Unser Abteil lehrte sich. Wir verloren uns in der Menge, ließen uns von geballter männlicher Libertinage davontragen (Nana war fest in der Hand geifernder Schwanzlurche; ein Treffpunkt der Heteros): überwiegend Farang, in den langweiligen, abgekupferten Zwirn gekleidet, den der Weird seit über hundert Jahren produzierte. Ich hörte die verschiedensten Akzente heraus: Amerikanisch, Australoasiatisch, europäisches Kauderwelsch ... Ein gläserner Fahrstuhl, so groß und breit wie die Treppen in den alten Hollywood-Musicals, brachte uns auf die Straße hinunter. Die Band legte los, und die Straßen zogen ihre Nummer ab ‒ alles drehte sich um Narzissmus, Sex und Habgier: ein Lied, das Nana auswendig kannte.

Wir standen mitten auf dem Platz, auf einer Arena, um die herum sich, in weiten Kreisen ansteigend, Go-Go-Bars erhoben wie eine neonbeleuchtete Hochzeitstorte zur Feier der Vermählung von Mensch und Puppe. Die oberen Stockwerke des Platzes befanden sich noch im Bau: In mit Nanoware bestückten Stahltanks wuchsen die Bars heran, die nächstes Jahr eröffnen würden. Aus den untersten Schichten wurde der Platz mit Musik beschallt, eine Kakophonie von Halbtönen und Vierteltönen, die das Gehirn mit weißem Rauschen zukleisterten. Es roch durchdringend nach gegrilltem Tintenfisch, offenen Abwasserkanälen, gynoiden Pheromonen und Apotheken, die die ganze Nacht geöffnet hatten. MOLEKULARE ROBOTER ‒ HORMONE ‒ GENSCHEREN ‒ CSF: an, aus, an, aus, ununterbrochen.

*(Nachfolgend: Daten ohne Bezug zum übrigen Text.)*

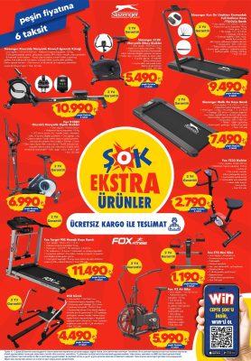 Şok Aktüel kataloglarında fırsatlar bitmiyor. Şok 10 Şubat 2024 kataloğunda yer alan şok ekstra ürünler isimli peşin fiyatına 6 taksit avantajı ve ücretsiz kargo ile teslimat fırsatına sahip sınırlı stok adetleri ile dikkat çeken ürünler resmen açıklandı. Pek çok sporcu ve egzersiz ekipmanının da harika fiyatlar sunacak olan bu katalog sayfasında ilk olarak Slazenger markalı şu ürünler dikkat çekiyor: manyetik dirençli egzersiz küreği 80 adet stok sınırı ve peşin fiyatına 6 taksit avantajıyla 10.990 liradan satılıyor. Manyetik dikey bisiklet 120 adet stok sınırı 2 yıl garantisi ile 5.490 liradan satışa çıkıyor. Run On uzaktan kumandalı full katlanır koşu yürüyüş bandı 150 adet stok sınırı ve 2 yıl garantisiyle 9.490 TL fiyata sahip olarak sizleri bekliyor.

Sie starrten mich an. Alle starrten mich an: Farang, durch erhobene Bierkrüge, die enorme Mengen von Aphrodisiaka enthielten; Puppen mit stechendem Blick und herausfordernder Miene; Hologramme, die sich verzweifelt an mir rieben; ein Ballonverkäufer, der ein Bündel mit Wasserstoff gefüllter Köpfe hinter sich her zerrte. Nana war voller Augen, der Augen verrückter Männer und Frauen. Und jetzt standen die Augen, ein Markt aus Kreisen und Ellipsen, in Flammen ...

Tödliche Visionen bestürmten meine aufsteigenden Nervenbahnen.

Ich fing an zu zucken; mein rechter Arm verkrampfte sich. Meine Kleider bekamen einen Anfall.

»Iggy, hör auf! Das ist nicht der richtige Zeitpunkt, um...«

»Ich kann nichts dagegen tun! Es, es, es ...«

Dermaplast ist ein somatisches Gewebe ‒ es verstärkt die Sinne. Mikroskopisch kleine Fasern verbinden das periphere Nervensystem des Materials mit dem des Trägers.

Primavera wusste sofort Bescheid. Sie packte meine Hose an einer Stelle direkt über dem Steißbein und riss eine Handvoll zweite Haut herunter. Die Krämpfe hörten auf.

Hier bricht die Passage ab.